Documentation

Architecture

Learn Steno's two-layer design and core dictation pipeline.

Two Layer Design

Steno follows a strict two-layer structure:

  • StenoKit/
    • pure Swift package
    • protocols, models, services, actors
    • no UI dependencies
  • Steno/
    • SwiftUI app target
    • DictationController, views, onboarding, settings UI, menu bar wiring

This separation keeps business logic testable and reusable outside UI concerns.

Steno (SwiftUI app)
  -> DictationController
    -> SessionCoordinator (actor)
      -> AudioCaptureService
      -> TranscriptionEngine
      -> CleanupEngine
      -> InsertionService
      -> HistoryStore

Pipeline

High-level runtime flow:

  1. Hotkey event triggers start/stop transitions.
  2. Audio capture service records session audio.
  3. Whisper CLI engine transcribes to raw text.
  4. Snippets and style/lexicon context are applied.
  5. Cleanup engine runs (cloud or local fallback).
  6. Insertion service writes text into target app.
  7. Transcript entry is persisted for history.

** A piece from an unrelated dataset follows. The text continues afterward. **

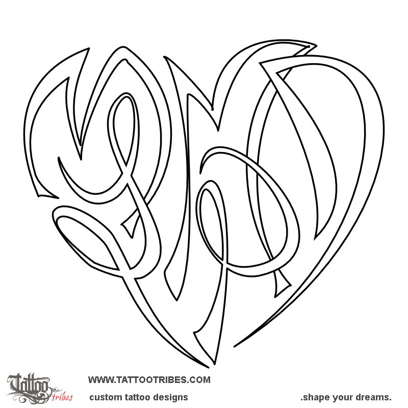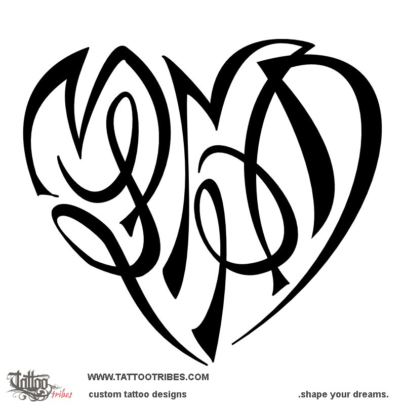 This heart formed by the union of several letters (or heartigram), was prepared for Mara and it contains the initials of the members of her family: M+L+M+P+D.

Fallback behavior is explicit at multiple stages (cleanup and insertion), which is why Steno remains usable even during partial failures.

Concurrency

Steno follows Swift 6 strict concurrency principles.

  • DictationController is @MainActor for UI orchestration
  • SessionCoordinator is an actor for session isolation
  • domain models are value types and Sendable
  • no singleton-heavy global mutable state in core paths

This reduces race conditions around recording state, cleanup decisions, and history persistence.

Extension Points

Common extension areas for contributors:

  • new cleanup engines conforming to CleanupEngine
  • new insertion transports conforming to InsertionTransport
  • alternative context providers or app-specific behaviors
  • benchmark and validation tooling in StenoBenchmarkCore

When adding behavior, prefer protocol-first interfaces in StenoKit/Protocols and concrete implementations in StenoKit/Services.